While both models had the ability to increase productivity through the possibility of duplicate reading, the results showed that CNN had greater accuracy of 92.9% and sensitivity of 92.1% than BOF with an accuracy of 74.1%; a sensitivity of 79.6%
(Boissady et al., 2020). Brain lesions visualized through MRI may be difficult sometimes to interpret and characterize. Using post-contrast and pre-contrast T2 and T1 weighted images of MRI the effectiveness as well as precision of deep learning CNN helps in distinguishing gliomas and canine meningiomas through image classification based upon the classification the lesson can be determined and identified through the final test of histopathological diagnosis
(Banzato et al., 2018).
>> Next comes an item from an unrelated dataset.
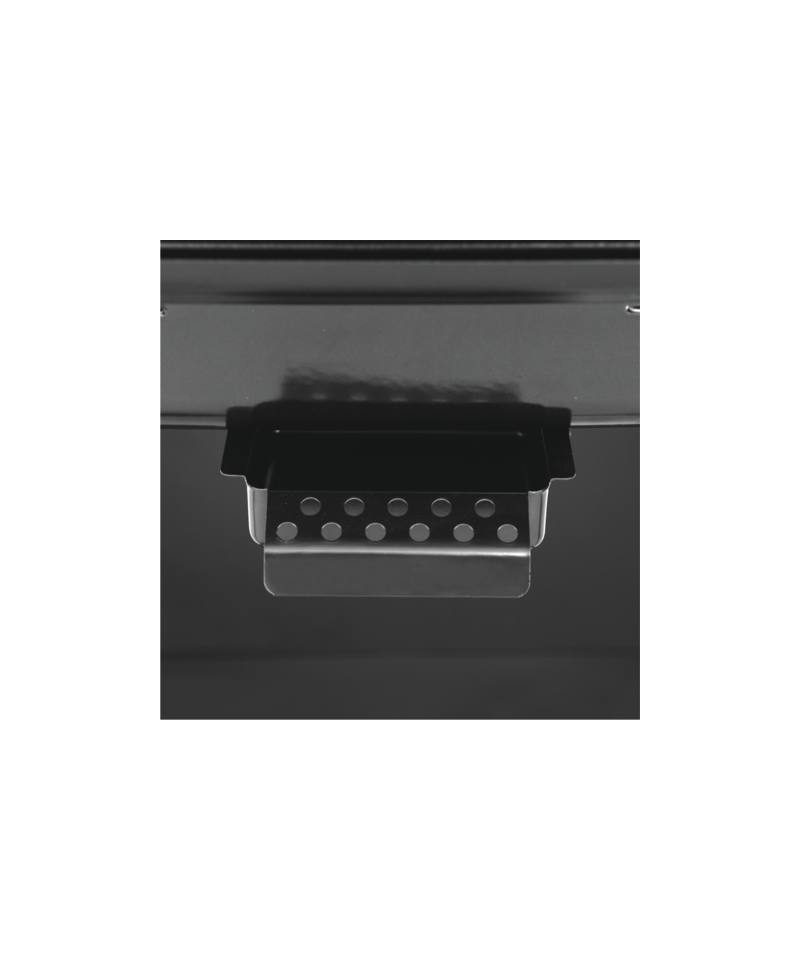 ✔ Frontplatte: schwarz pulverbeschichteter Stahl

On the basis of corneal pictures, CNN technology has also been created to categorize the severity of canine corneal ulcers such as normal, superficial and deep, which were previously categorized by
Kim et al., (2019).
Artificial Intelligence (AI) plays a vital role in detecting animal diseases through its ability in analyzing data, recognizing patterns and making informed decisions.
Timely disease detection
AI algorithms can examine extensive datasets, including veterinary records, laboratory findings and sensor data, to identify early indications and patterns of diseases. By continuously monitoring and analyzing data, AI systems can alert veterinarians to potential health issues, enabling prompt interventions.
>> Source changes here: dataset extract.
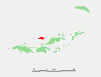 Jost Van Dyke (/ˈjoʊst væn ˈdaɪk/;[2] sometimes colloquially referred to as JVD or Jost) is the smallest of the four main islands of the British Virgin Islands, measuring roughly 8 square kilometres (3 square miles). It rests in the northern portion of the archipelago of the Virgin Islands, located in the Atlantic Ocean and Caribbean Sea. Jost Van Dyke lies about 8 km (5 mi) to the northwest of Tortola and 8 km (5 mi) to the north of Saint John. Little Jost Van Dyke lies off its eastern end.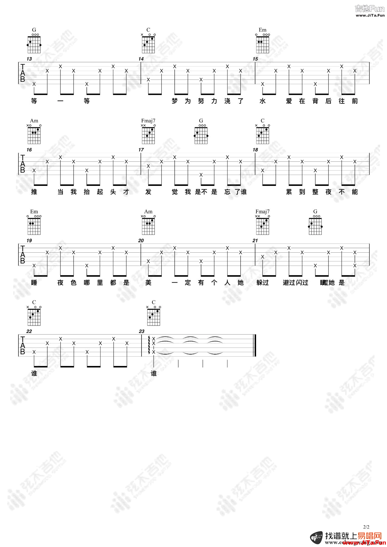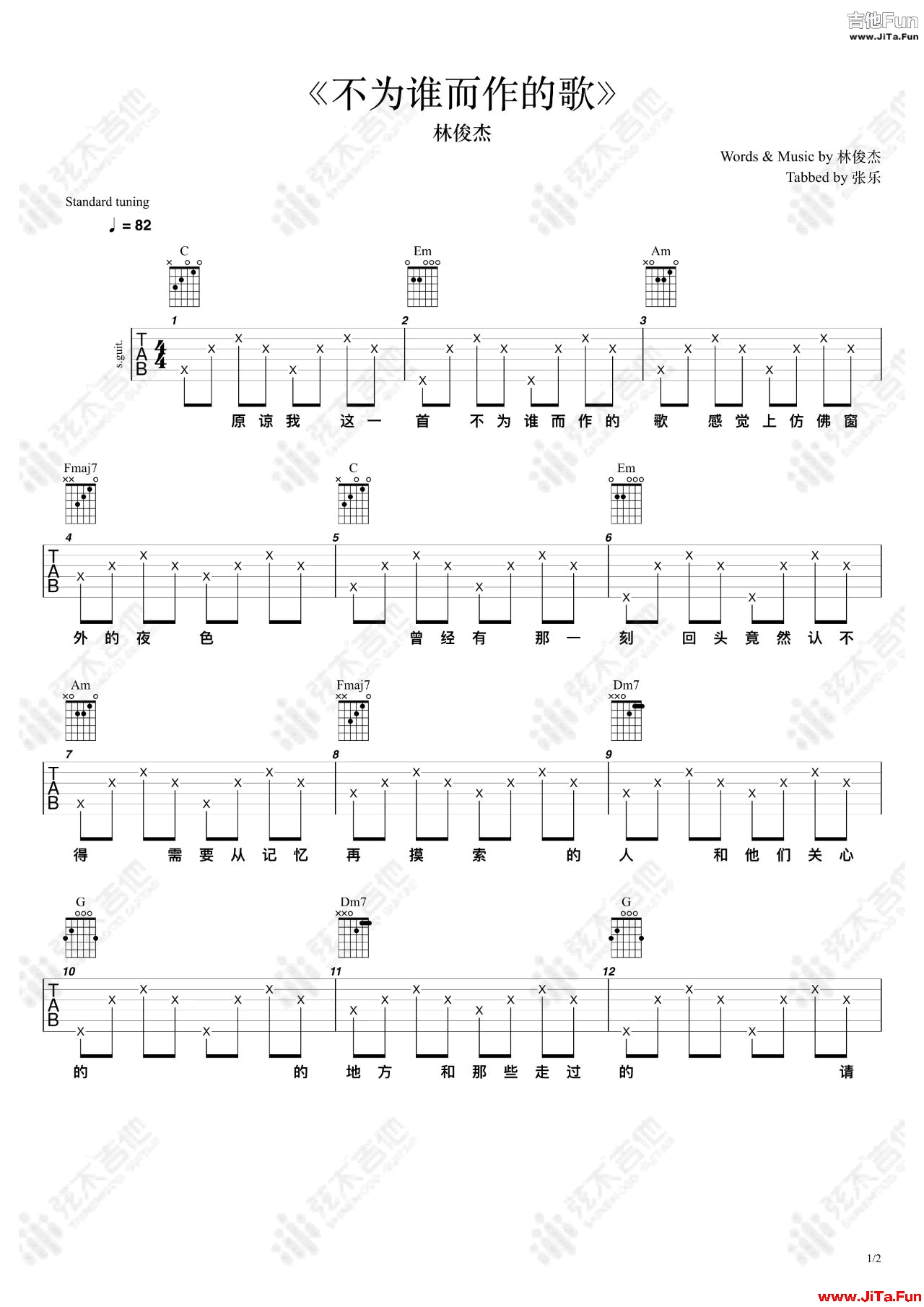 《不為誰而作的歌》吉他譜,林俊傑的一首找回自我感恩生活的歌曲,不為誰而作的歌吉他彈唱譜,C調編配,兩張圖片六線譜,弦木吉他出品,易唱吉他譜上傳更新。

Image and pattern recognition
AI-powered computer vision techniques enable the analysis of images and videos captured during veterinary examinations. By training AI models on a diverse range of animal disease visuals, they can accurately identify visual patterns associated with specific diseases, facilitating precise diagnoses by veterinarians.
Predictive analytics
AI algorithms can analyze historical data to identify trends and patterns that forecast disease outbreaks or identify animals at higher risk. By considering various factors such as environmental conditions, animal health records and demographic information, AI provides insights into disease prevalence, aiding in the implementation of preventive measures.
Remote monitoring and sensor data analysis
IoT devices and wearable sensors collect real-time data on an animal’s vital signs, behavior and environmental conditions. AI algorithms can analyze this data, detecting any abnormalities or deviations from normal parameters. This enables continuous remote monitoring, minimizing the need for frequent physical check-ups and facilitating early disease detection.
Decision support systems
AI systems can assist veterinarians by providing evidence-based recommendations and treatment plans based on extensive data analysis. By analyzing similar cases, scientific literature and treatment outcomes, AI suggests personalized treatment options, enhancing accuracy and efficiency in decision-making.
Data integration and knowledge sharing
AI technologies enable the integration of diverse data sources, such as laboratory results, electronic health records and research studies. This integrated knowledge can be shared among veterinary professionals, fostering collaboration, information exchange and improved disease management strategies.